There is a strong connection between male sexual dysfunction and cardiovascular disease – atherosclerosis, hypertension, elevated cholesterol and established cardiovascular disease often go hand in hand with erectile dysfunction, and are greatly influenced by hormonal health. Testosterone replacement therapy has exhibited beneficial cardiovascular effects including improving insulin resistance, increasing exercise tolerance, increasing muscle mass, and contributes to coronary artery vasodilation, suggesting that optimal testosterone levels actually decrease the risk of cardiovascular disease. On the sexual front, testosterone therapy is effective in restoring sexual desire and function and has a 35-40% success rate in reversing erectile dysfunction.

Tying it all together (no pun intended, for fans of the book), balanced hormone levels may not only increase one’s interest in and enjoyment of a healthy sex life, but may also contribute to a healthy cardiovascular system enabling greater tolerance for, well… experimentation.

References:

  • Woods NF, et al. Sexual desire during the menopausal transition and early post-menopause: observations from the Seattle Midlife Women’s Health Study.
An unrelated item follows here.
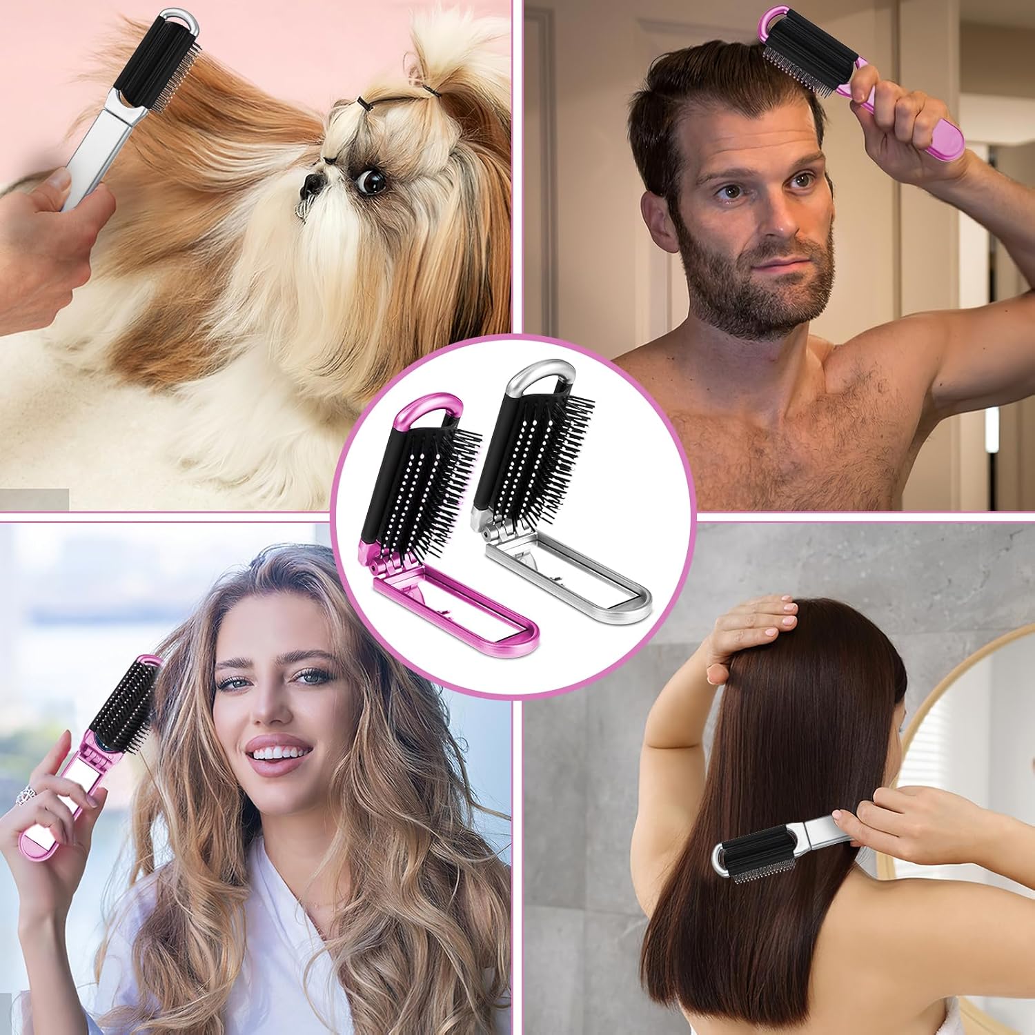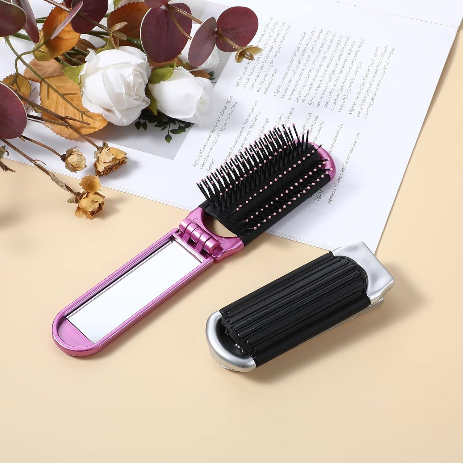 2 Pack Travel Hair Brush with Mirror,Folding Hair Brush Trav…
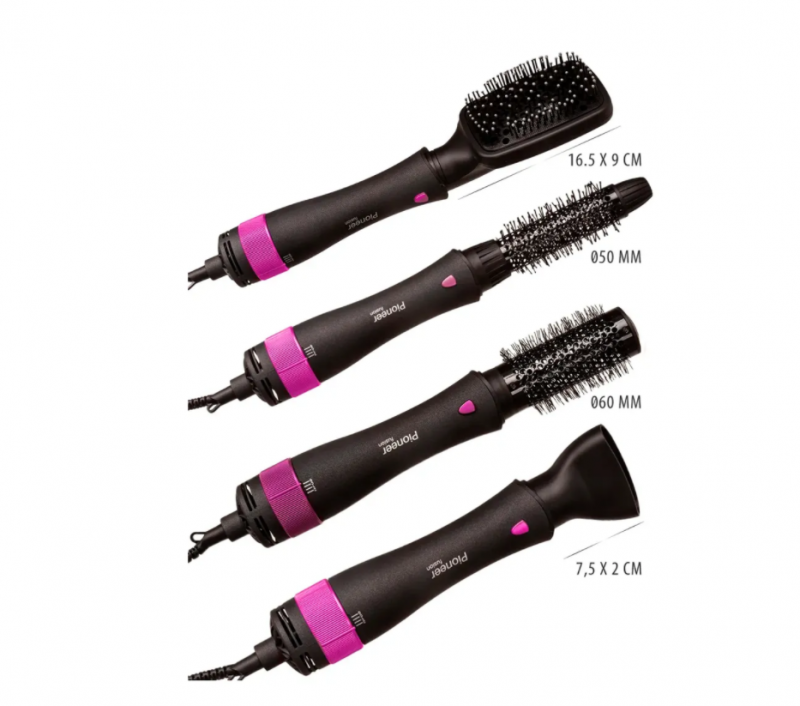 Фен-щетка Pioneer HB-1003D с функцией Холодный обдув и защитой от перегрева, 4 насадки, 2 режима нагрева, 1000 Вт

J Women’s Health. 2010; 19: 209-18.
  • Chism LA. Overcoming resistance and barriers to the use of local estrogen therapy for the treatment of vaginal atrophy. Int J Womens Health. 2012; 4: 551-57.
  • L ø kkegaard E, Andreasen AH, Jacobsen RK, Nielsen LH, Agger C, Lidegaard Ø . Hormone therapy and risk of myocardial infarction:a national register study. Eur Heart J 2008;29:2660 – 8
  • de Lauzon-Guillain B, Fournier A, Fabre A, e t al . Menopausal hormone therapy and new-onset diabetes in the French Etude Epidemiologique de Femmes de la Mutuelle G é n é rale de l’Education Nationale (E3N) cohort. Diabetologia 2009;52:2092 – 100
  • Albrecht-BetancAndrogen ourGuay, AT. Testosterone and erectile physiology. Aging Male. 2006; 9: 201-6.t M, et al. replacement in men with hypogonadism and erectile dysfunction . Endocrine. 2004; 23: 143-8.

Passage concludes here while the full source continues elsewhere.